O conservadorismo reacionário e o ultraliberalismo entraram em sintonia em vários países. O Brasil é o exemplo mais avançado desse fenômeno. O elitismo, o espírito antidemocrático, que sempre estiveram presentes na história brasileira chegaram agora ao seu paroxismo.

 No Brasil, surgiu a figura do “homem de bem”, um personagem de talhe quase sempre fascista ou conservador. Seria possível dizer que o “homem de bem” estaria paradoxalmente tomado pela síndrome do mal?

A expressão “homem de bem” é imprecisa. Ela pode ser aplicada a pessoas corretas e dignas bem como a pessoas malignas que se escondem atrás de uma autoatribuída superioridade moral.

Seu texto cita as características básicas do fascismo, segundo foram delineadas por Umberto Eco, Theodor Adorno e outros estudiosos. Quais delas mais fortemente contribuem para a síndrome do mal?

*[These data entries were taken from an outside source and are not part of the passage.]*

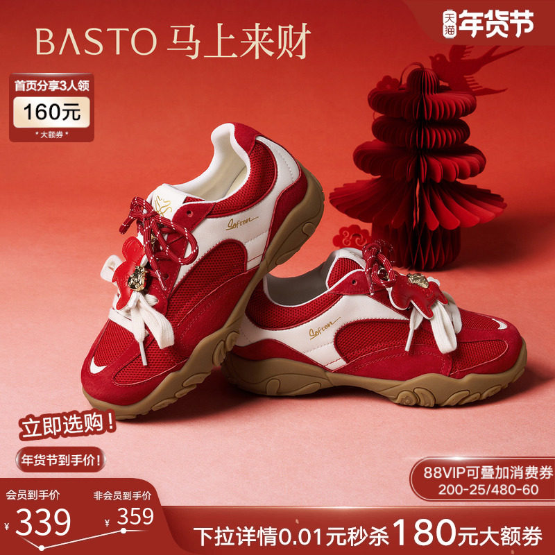 环球新年红色复古德训鞋女款2026春季新款内增高运动鞋子软底板鞋
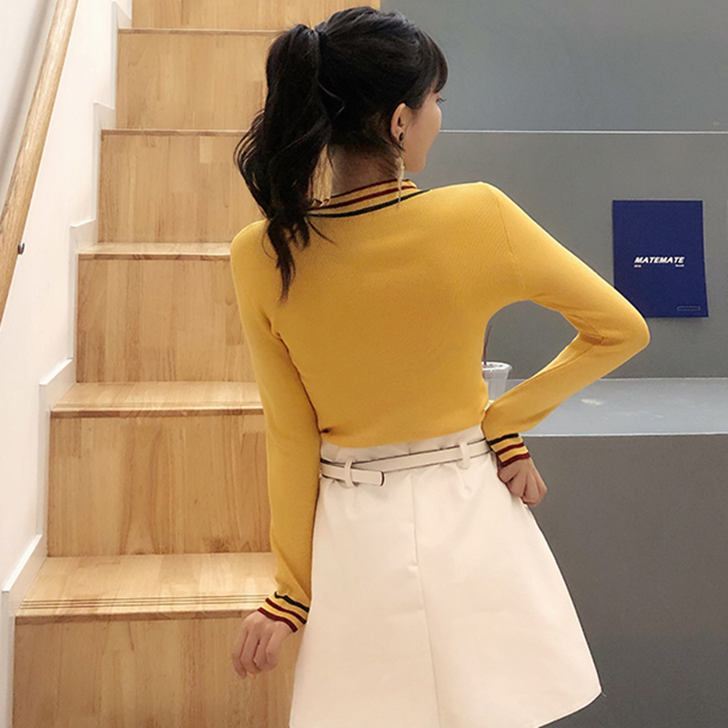 秋冬女裝2018新款韓版半高領木耳邊針織衫修身顯瘦外穿打底薄毛衣
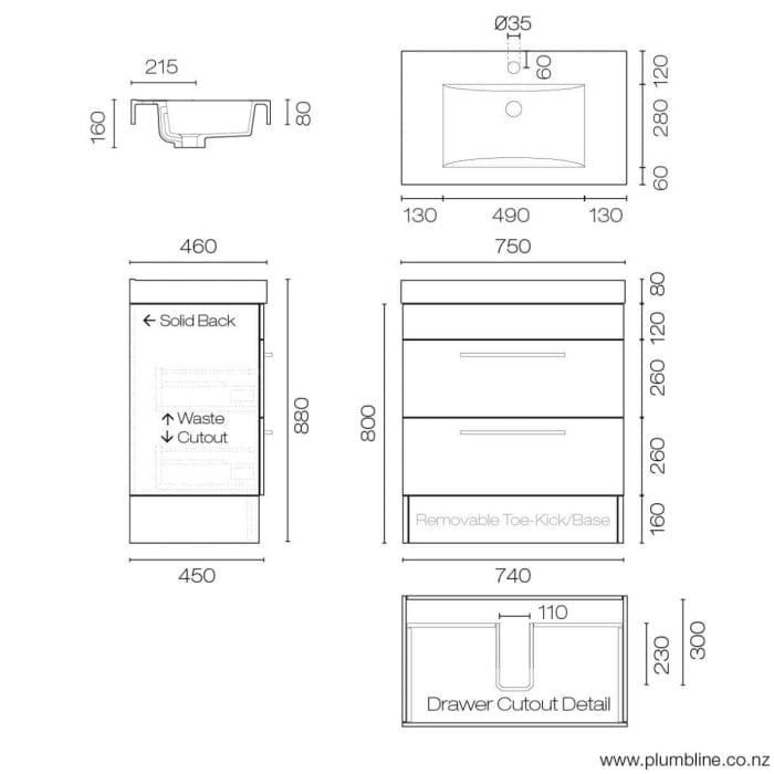Mia Plus 750 Vanity | 2 Drawers
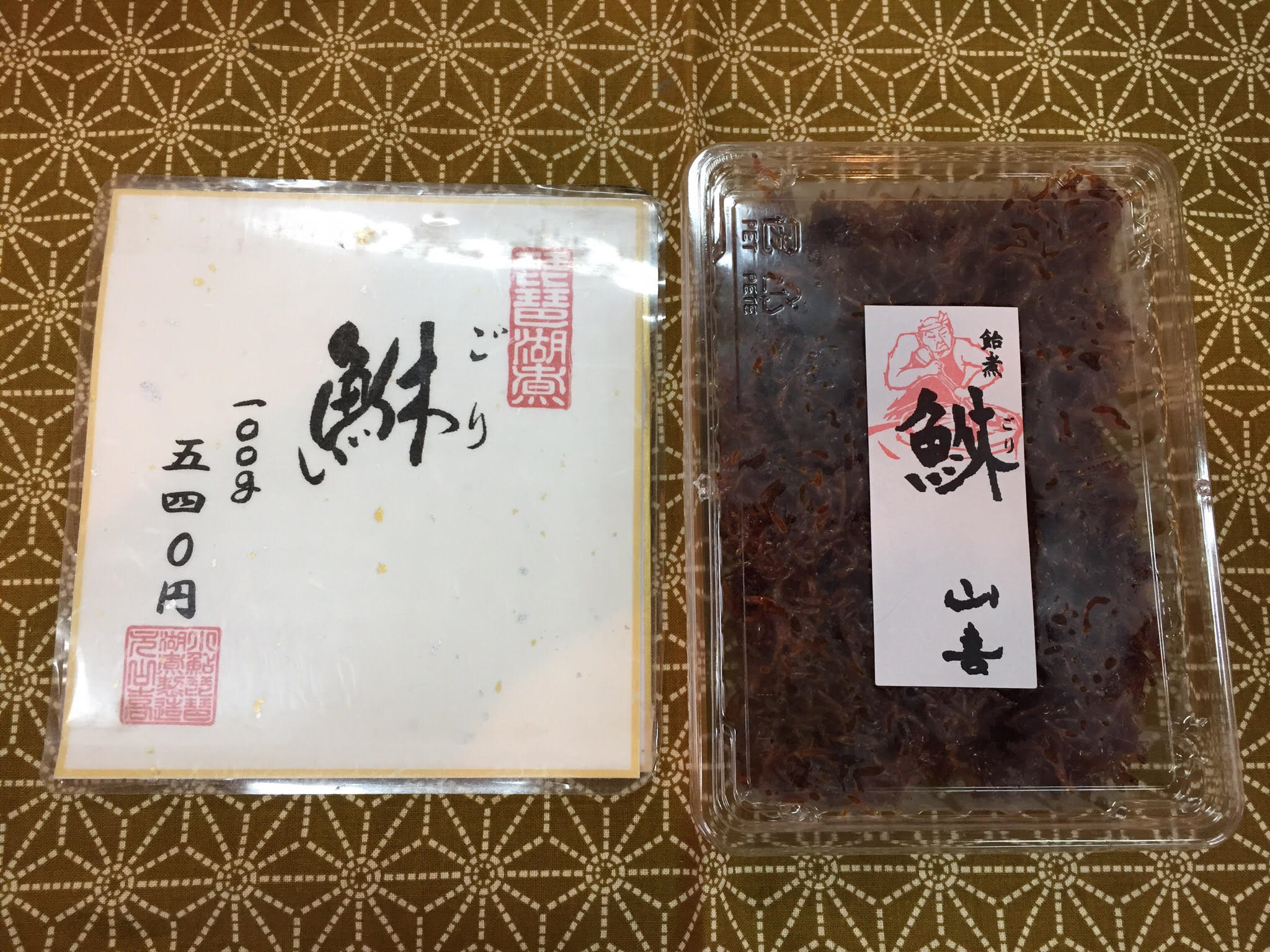 ・売れ筋商品(えび豆、小鮎佃煮、ごり佃煮 など、琵琶湖ならではの商品)
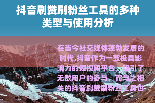 在当今社交媒体蓬勃发展的时代,抖音作为一款极具影响力的短视频平台,吸引了无数用户的参与,而与之相关的抖音刷赞刷粉丝工具也逐渐进入了人们的视野。
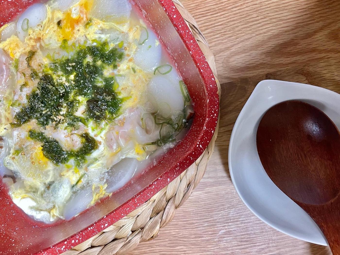 トックスープは、のりと卵をトッピング。のりは八丈島海苔っていうちょっと珍しい海苔のせちゃったけど、磯の香りが追加され、さらに美味しくなりましたよ💕おもちがたーくさんはいっているのでボリューム満点!子どもたちもからくないので食べられました。餃子も入っていて、それはキムチ味。ぴりっと辛くてスープの中でほぐすと味変します!子供には辛いので、子供用に普通の餃子をいれてあげるといいかも💕すっごくおいしかった💕
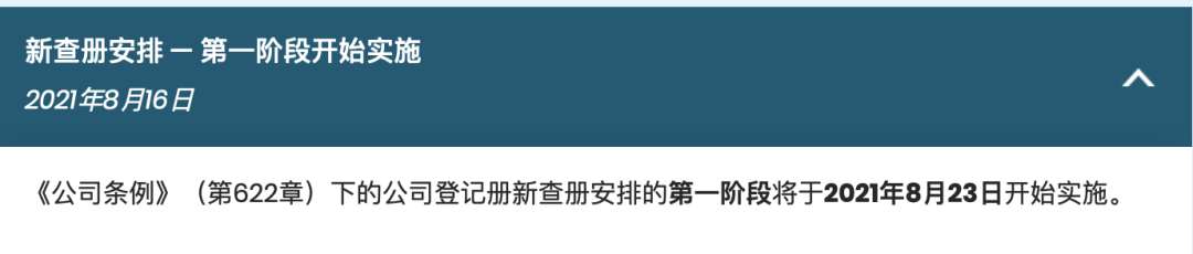 2021年8月16日,香港公司注冊處就《公司條例》下的公司登記冊新查冊安排發布最新消息稱:第一階段將于2021年8月23日開始實施。
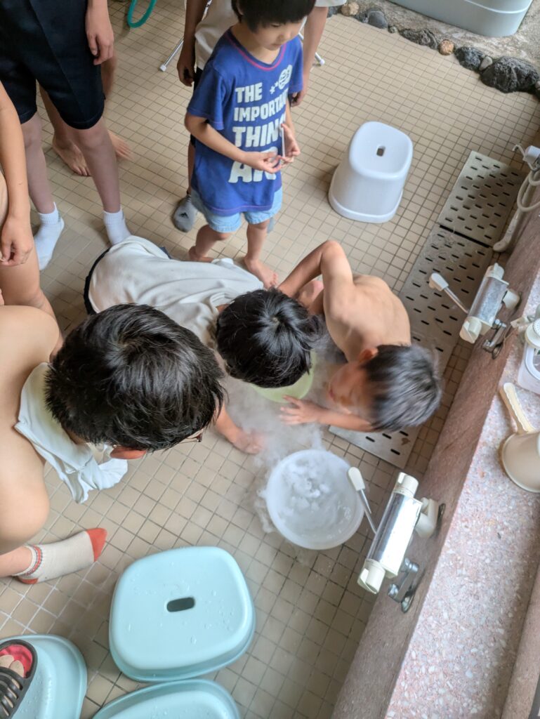 水をはった洗面器に ドボン!
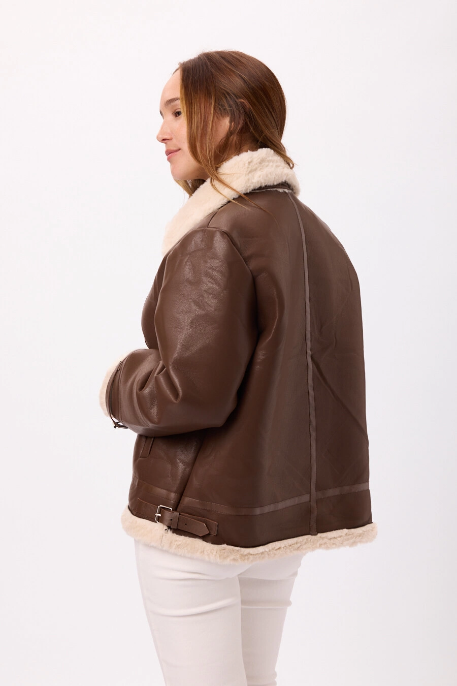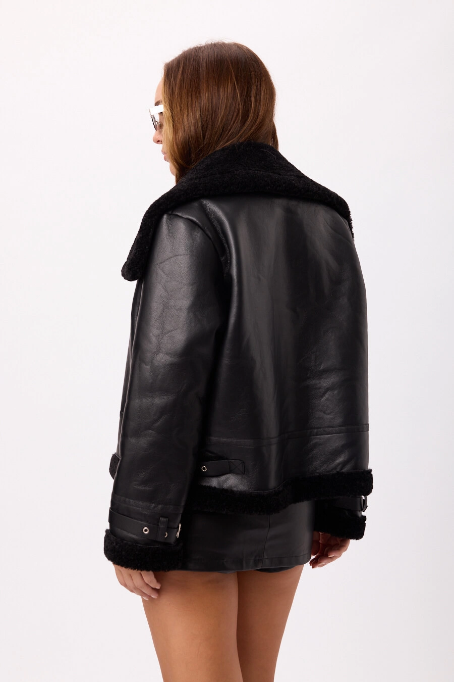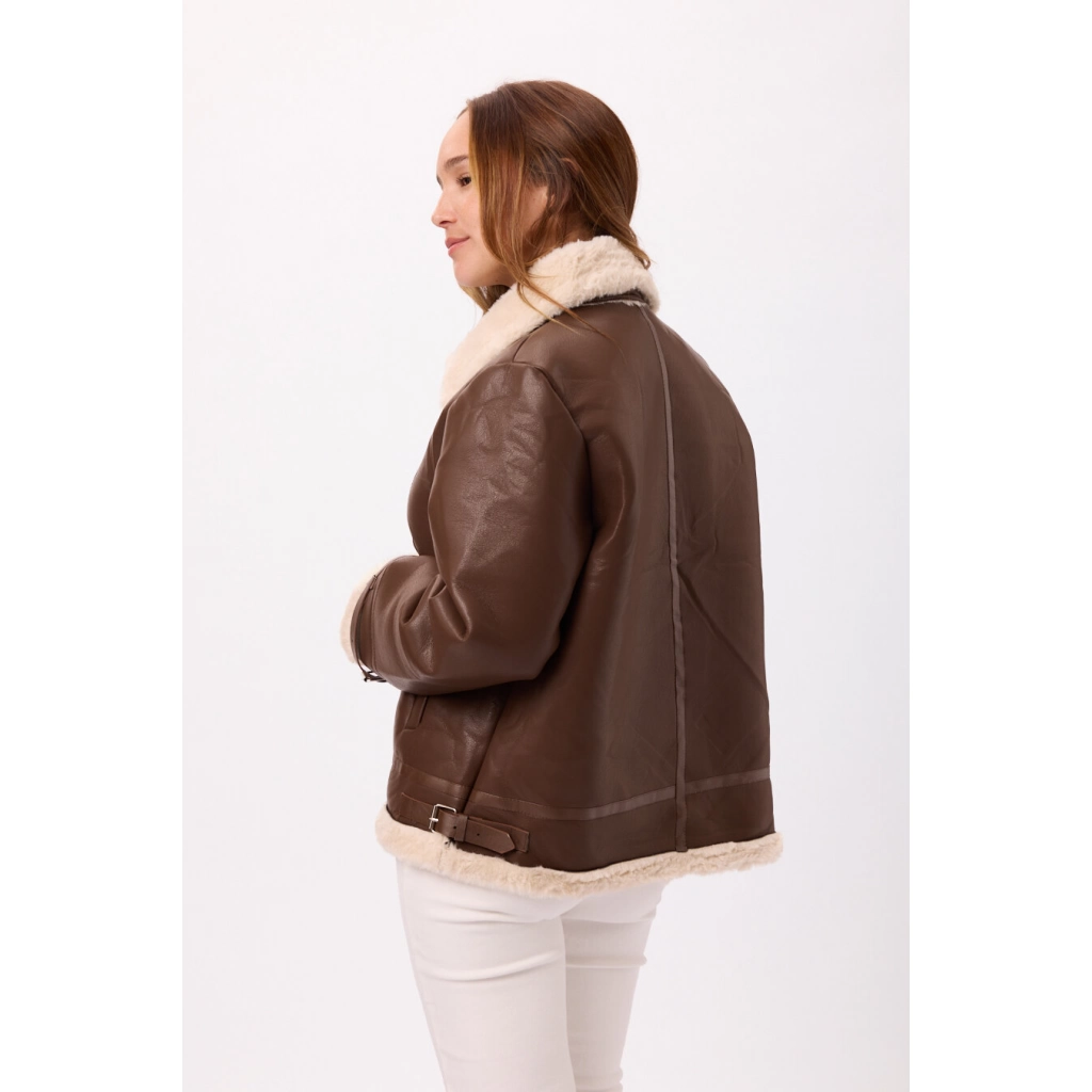 Abrigo tipo gamulán de eco cuero con interior de corderito Disponible en Negro y Marron Talle: M/L

Os autores citados no livro (Adorno, Eco e Jason Stanley) convergem em vários pontos. Penso ter feito uma junção original das suas principais contribuições avançando um pouco na análise. Diferentemente deles, não dou destaque às figuras do Duce, do Fuhrer ou do Mito. Eles são produtos de um contexto social e econômico. É fundamental entender quem está por trás desses autocratas, quem impulsionou as bases sociais intolerantes e desumanizadas.

O livro também critica a filósofa Hannah Arendt dizendo que – no julgamento do carrasco nazista Adolf Eichmann em Israel –  teria sido iludida quanto à personalidade do réu pelo seu advogado de defesa. Eichmann não era, como ela pensou, um simples burocrata cumpridor de ordens do regime hitlerista mas um entusiasta do nazismo e orgulhoso do assassinato em massa. Não haveria, portanto, nenhuma “banalidade do mal”. O que pode dizer?

Hannah Arendt é uma das mais importantes filósofas políticas do século XX. O livro Eichmann em Jerusalém é uma obra-prima de filosofia moral, porém consagrou de maneira equivocada a expressão “banalidade do mal”. Eichmann e tantos outros dirigentes e militantes nazistas eram fanáticos antissemitas. Não eram reles cumpridores de ordem. De maneira consciente e deliberada cometeram crimes contra a humanidade. Como está acontecendo atualmente no Brasil.

A Síndrome do Mal foi escrito antes da pandemia e, portanto, não captou as declarações clássicas de malignidade proferidas por milionários e empresários mais favoráveis aos seus lucros do que a vida das pessoas. O que diria, então, hoje de tais manifestações?

Eles apenas expressaram o que já eram concepções e comportamentos anteriores.

Em qual projeto está trabalhando agora?

As pesquisas atuais visam aprofundar o estudo sobre as classes abastadas e como elas estão operando no sentido de debilitar a democracia, manter e ampliar seus privilégios perpetuando as desigualdades.